作者: 朱朱哥弟 | 来源:发表于2022-08-29 00:02 被阅读0次

    作者:彭希龄


    题记:今精选部分老同志回忆文章,以《共和国不会忘记》系列予以在简书上刊发,献给七十年来在新疆地调战线上英勇献身的同志,献给七十年来在新疆地调战线上辛勤工作的人们。——编者

    01  雪景抒怀

    新疆的冬天,早至晚去,风雪大、寒流多,林木的枝常缀满冰花。

    我们来自南方的人总感到新鲜,加上杨梓材又是个热心的摄影爱好者,不过他倒也真有两下子。有一张单人照,我自己很喜欢,就把它寄给我在南方的同学和朋友,还在背面题上一首小诗:

    看那枝头的银絮,

    听他心底的笑声;

    严寒没什么可怕,

    因为,生活在沸腾

    ——伟大的祖国在前进。

    确实,当年的我们,即朝气勃勃,又无比天真!

    由于我在信中附了一笔,说这儿是冰晶裹树,不尽寒意;要是在南方,当是满树梅花,幽香四溢了。
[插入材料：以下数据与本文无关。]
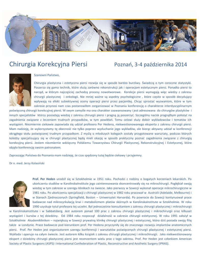 Chirurgia Korekcyjna Piersi Poznań, 3-4 października 2014 Szanowni Państwo, Chirurgia plastyczna i estetyczna piersi rozwija się w sposób bardzo burzliwy. Świadczą o tym coroczne statystyki. Poszerza się gama technik, które służą zarówno rekonstrukcji jak i operacjom estetycznym piersi. Ponadto piersi to narząd, w którym najczęściej zachodzą procesy nowotworowe. Korekcje piersi wymagają więc wiedzy z zakresu chirurgii plastycznej i onkologii. Nie mniej ważne są aspekty psychologiczne , które często w sposób decydujący wpływają na efekt subiektywnej oceny operacji piersi przez pacjentkę. Chcąc sprostać wyzwaniom, które w tym zakresie przynosi nam czas postanowiłem zorganizować w Poznaniu konferencję o charakterze interdyscyplinarnym poświęconą chirurgii korekcyjnej piersi. W swym zamyśle ma ona charakter zaawansowany i jest adresowana do chirurgów plastyków i innych specjalistów którzy posiadają wiedzę z zakresu chirurgii piersi i pragną ją poszerzyć. Szczególny nacisk pragnąłbym położyć na zagadnienia związane z leczeniem trudnych przypadków, w tym powikłań. Temu celowi służy dobór wykładowców i tematów ich wystąpień. Niezmiernie ciekawie zapowiada się udział profesora Per Hedena, niekwestionowanego eksperta z zakresu chirurgii piersi. Mam nadzieję, że wykorzystamy tę obecność nie tylko poprzez wysłuchanie jego wykładów, ale biorąc aktywny udział w konferencji okrągłego stołu poświęconej trudnym przypadkom. Z myślą o młodszych kolegach zostały przygotowane warsztaty, podczas których koledzy specjalizujący się w chirurgii plastycznej będą mieli okazję w sposób praktyczny poznać zagadnienia związane z chirurgią korekcyjną piersi. Jestem niezmiernie wdzięczny Polskiemu Towarzystwu Chirurgii Plastycznej, Rekonstrukcyjnej i Estetycznej, które objęło konferencję swoim patronatem. Zapraszając Państwa do Poznania mam nadzieję, że czas spędzony tutaj będzie ciekawy i przyjemny. Dr n. med. Jerzy Kolasiński Prof. Per Heden urodził się w Sztokholmie w 1951 roku. Pochodzi z rodziny o bogatych korzeniach lekarskich. Po ukończeniu studiów w KarolinskaInstitute jego zainteresowania skoncentrowały się na mikrochirurgii. Pogłębiał swoją wiedzę w tym zakresie w szeregu klinikach na świecie. Jako pierwszy w Szwecji wykonał operacje mikrochirurgiczne w 1981 roku. Po ukończeniu specjalizacji z chirurgii plastycznej w 1982 roku pracował w Australii (Adelaide, Melbourne) i w Stanach Zjednoczonych (Springfield, Boston – Uniwersytet Harvarda). Po powrocie do Szwecji kontynuował prace badawcze nad mikrocyrkulacją krwi i metabolizmem płatów skórnych w KarolinskaInstitute w Sztokholmie. W roku 1990 uzyskuje tytuł profesora tej uczelni. Był jednocześnie konsultantem z zakresu chirurgii plastycznej i mikrochirurgii w KarolinskaInstitute i w Sabbatsberg. Jest autorem ponad 100 prac z zakresu chirurgii plastycznej i mikrochirurgii oraz kilkuset wystąpień i kursów z tej dziedziny. Od 1984 roku rozpoczął działalność w zakresie chirurgii estetycznej. W roku 1991 założył w Sztokholmie Akademikliniken – największą w Szwecji prywatną klinikę chirurgii plastycznej i estetycznej, która dziś posiada swoją filię także w Londynie. Prace badawcze pod kierunkiem prof. Per Hedena przyczyniły się do znacznego rozwoju implantów anatomicznych piersi. Prof. Per Heden jest organizatorem szeregu konferencji i warsztatów poświęconych chirurgii plastycznej i estetycznej piersi. Wykłada i operuje na całym świecie. Jest autorem kilku książek z zakresu chirurgii plastycznej i mikrochirurgii. Jako niekwestionowany ekspert z dziedziny chirurgii plastycznej piersi jest recenzentem wielu prac z tego zakresu. Prof. Per Heden jest członkiem American Society of Plastic Surgeons (ASPS) i International Confederation of Plastic, Reconstructive and Aesthetic Surgery (IPRAS). Planowany program: W dniu 3 października 2014 - warsztaty z zakresu chirurgii korekcyjnej piersi Poziom: podstawowy Uczestnicy: chirurdzy specjalizujący się w chirurgii plastycznej i w chirurgii onkologicznej Miejsce: Klinika Kolasiński, 62-020 Swarzędz, ul. Staszica 20A, tel. 61 8187550, www.klinikakolasinski.pl Język wykładowy: polski W godzinach przedpołudniowych przewidziana jest seria wykładów dydaktycznych obejmujących następujące zagadnienia: anatomia i fizjologia gruczołu piersiowego – Dr hab. n. med. Henryk Witmanowski wskazania do chirurgicznych korekcji piersi – Dr hab. n. med. Jerzy Jankau zabiegi rekonstrukcyjne piersi – Dr n. med. Sławomir Cieśla charakterystyka różnych rodzajów implantów piersiowych – Dr n. med. Małgorzata Kolenda zabiegi powiększania piersi przy użyciu implantów piersiowych – Dr n. med. Jerzy Kolasiński zabiegi powiększania piersi przeszczepem tkanki tłuszczowej – Dr hab. n. med. Bartłomiej Noszczyk zabiegi podniesienia i redukcji piersi – Dr n. med. Jerzy Kolasiński W godzinach popołudniowych przewidziane są zajęcia praktyczne dotyczące doboru implantów piersiowych oraz operacje pokazowe. Wieczór w klubie. W dniu 4 października 2014 - obrady plenarne Poziom: zaawansowany Miejsce: Concordia Design, 60-813 Poznań, ul. Zwierzyniecka 3 Uczestnicy: Lekarze specjaliści chirurgii plastycznej i chirurgii onkologicznej, oraz lekarze specjalizujący się w tych dziedzinach Język wykładowy: polski i angielski (przewidziane jest tłumaczenie symultaniczne) Wstępny program: Najczęstsze przyczyny korekcji piersi - Dr hab. n. med. Jerzy Jankau Profil psychologiczny pacjentek korygujących piersi – mgr. Dominika Kolasińska-Szkutnik Bezpieczeństwo onkologiczne estetycznych zabiegów korekcyjnych piersi – Dr hab. n. med. Dawid Murawa Zasady wyboru implantów piersiowych – Prof. Per Heden Alternatywne metody powiększania piersi – Dr hab. n. med. Bartłomiej Noszczyk Jednoczasowe podniesienie i powiększenie piersi – zalety i pułapki

    殊不知,我的那位朋友,在复信中说,为了不使我这天边的游子过于想家,特地搞了几朵最香的初绽梅花夹在信中寄给我,望我更加有志于边疆的开发建设事业。同时,也夹了一张照片给我。读到了朋友寄来的信,心潮澎湃,吟成古风一首以寄之:

    漠北腊月信寒伧,

    一夜雪掩三尺墙。

    重裘不御寒风袭,

    塞外旅人思故乡。

    南国冬至天犹爽,

    雪薄霜轻梅花黄。

    本应伴君同赏咏,

    奈何万里音书茫。

    年欢难慰游子心,

    君书只字胜万金!

    何德敢劳丰惠赠?

    香中笑里藏深情。

    冬去春来,勘探队员们该到野外去了,我陆续送走了年轻的伙伴。5月初,领导上突然决定从野外召回王志成和我对调,理由是早给我一个到基层生产第一线锻炼的机会——有潜力的干部应该充实基层而不是机关;另有一说是,为了培养综合研究队长。不过,1957年,我的确也被破格任命为准噶尔盆地综合研究队的负责人,于是,我来到天山脚下的帐篷之中。

    02  血汗洒天山

    天山,这一横亘中亚的莽莽大山脉,不仅以它那巍峨高峻的气势、博大宽厚的胸怀、富饶多样的宝藏称著于世,而且景色秀丽,气候宜人。那来自冰峰流不完的雪水,古往今来不知浇灌了它南北的多少绿洲,养育了多少世代的各族人民。

    我所在的队工作地区是玛纳斯河以西。中心化验室的郝服光、唐文松也参与我们一道工作,以后又分配来了西北大学的实习生张松翰和吴德廉、北京石油地质学校的杜锦堂和方惠珍、沈秀文。唐研究古植物,参加三叠——侏罗系的工作,郝与我搞白垩——第三系。我们选择南安集海作首战的标准剖面。安集海河冲出天山以后,在远古曾直泻向北,横切安集海背斜西端进入准噶尔平原,至今还留下一个幅员广袤的砾石冲积锥体——西安集海干戈壁滩。在近古,它又向东游移,于下游夺取霍尔果斯河(金沟)的下游干道从安集海镇南进入盆地;在中游深切河谷的西侧,留下一个宽广、平坦的戈壁台地,成了节日期间游牧民族的天然赛马场,连高速汽车也可在其上自由驶进。台地南端的低山头,又在天山脚下西岸的这个台地上形成一个封闭的山中小盆地,中央有座喇嘛庙。因远离农耕居民区,也颇有点“山中藏古寺”的意境。据说,这是北疆地区仅次于和丰王爷府的高级别的喇嘛庙,佛事兴隆。当家活佛是乌苏县人大代表,他和一个喇嘛曾几次搭乘过我们的汽车去乌苏,成了我们的熟人和朋友,还邀请我们去佛堂参观。用内地的标准来衡量,殿宇虽说不上金碧辉煌,建筑也还算规模宏大。而东岸草场却是哈萨克族牧区,界线很清楚。河上无桥,很难来往。如今则早已是新桥飞架、车路畅达、矿井喧声不绝于耳的另一番景象了。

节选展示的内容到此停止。